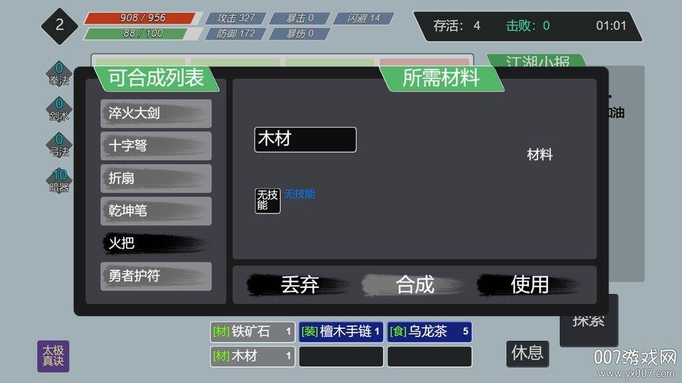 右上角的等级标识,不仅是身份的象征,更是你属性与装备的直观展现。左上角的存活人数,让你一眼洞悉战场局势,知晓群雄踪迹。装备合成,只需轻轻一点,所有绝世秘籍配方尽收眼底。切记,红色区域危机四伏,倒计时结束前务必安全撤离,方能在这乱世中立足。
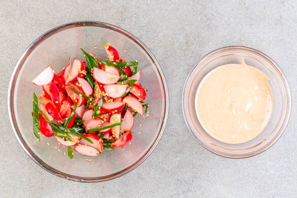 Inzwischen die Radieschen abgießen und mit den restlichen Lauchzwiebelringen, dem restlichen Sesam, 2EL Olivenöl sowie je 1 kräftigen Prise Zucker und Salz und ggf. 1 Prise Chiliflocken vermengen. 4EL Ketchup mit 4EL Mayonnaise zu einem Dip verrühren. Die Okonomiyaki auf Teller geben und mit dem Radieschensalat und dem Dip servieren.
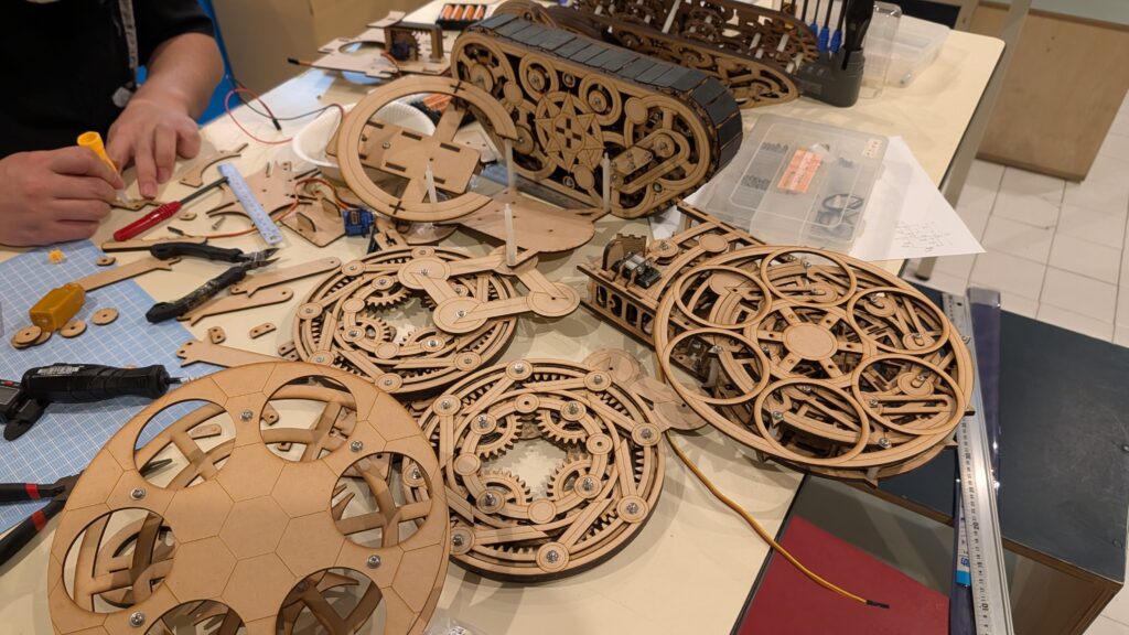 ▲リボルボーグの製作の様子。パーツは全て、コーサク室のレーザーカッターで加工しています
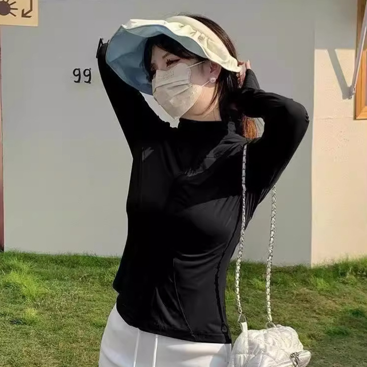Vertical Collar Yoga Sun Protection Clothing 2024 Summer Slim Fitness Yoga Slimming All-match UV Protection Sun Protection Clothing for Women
------------------------------------------------------------
> [Assignment]:
Transcribe the whole listing exactly as it stands, apart from the pictures.

> [Your response]:
 右上角的等级标识,不仅是身份的象征,更是你属性与装备的直观展现。左上角的存活人数,让你一眼洞悉战场局势,知晓群雄踪迹。装备合成,只需轻轻一点,所有绝世秘籍配方尽收眼底。切记,红色区域危机四伏,倒计时结束前务必安全撤离,方能在这乱世中立足。
 Inzwischen die Radieschen abgießen und mit den restlichen Lauchzwiebelringen, dem restlichen Sesam, 2EL Olivenöl sowie je 1 kräftigen Prise Zucker und Salz und ggf. 1 Prise Chiliflocken vermengen. 4EL Ketchup mit 4EL Mayonnaise zu einem Dip verrühren. Die Okonomiyaki auf Teller geben und mit dem Radieschensalat und dem Dip servieren.
 ▲リボルボーグの製作の様子。パーツは全て、コーサク室のレーザーカッターで加工しています
Vertical Collar Yoga Sun Protection Clothing 2024 Summer Slim Fitness Yoga Slimming All-match UV Protection Sun Protection Clothing for Women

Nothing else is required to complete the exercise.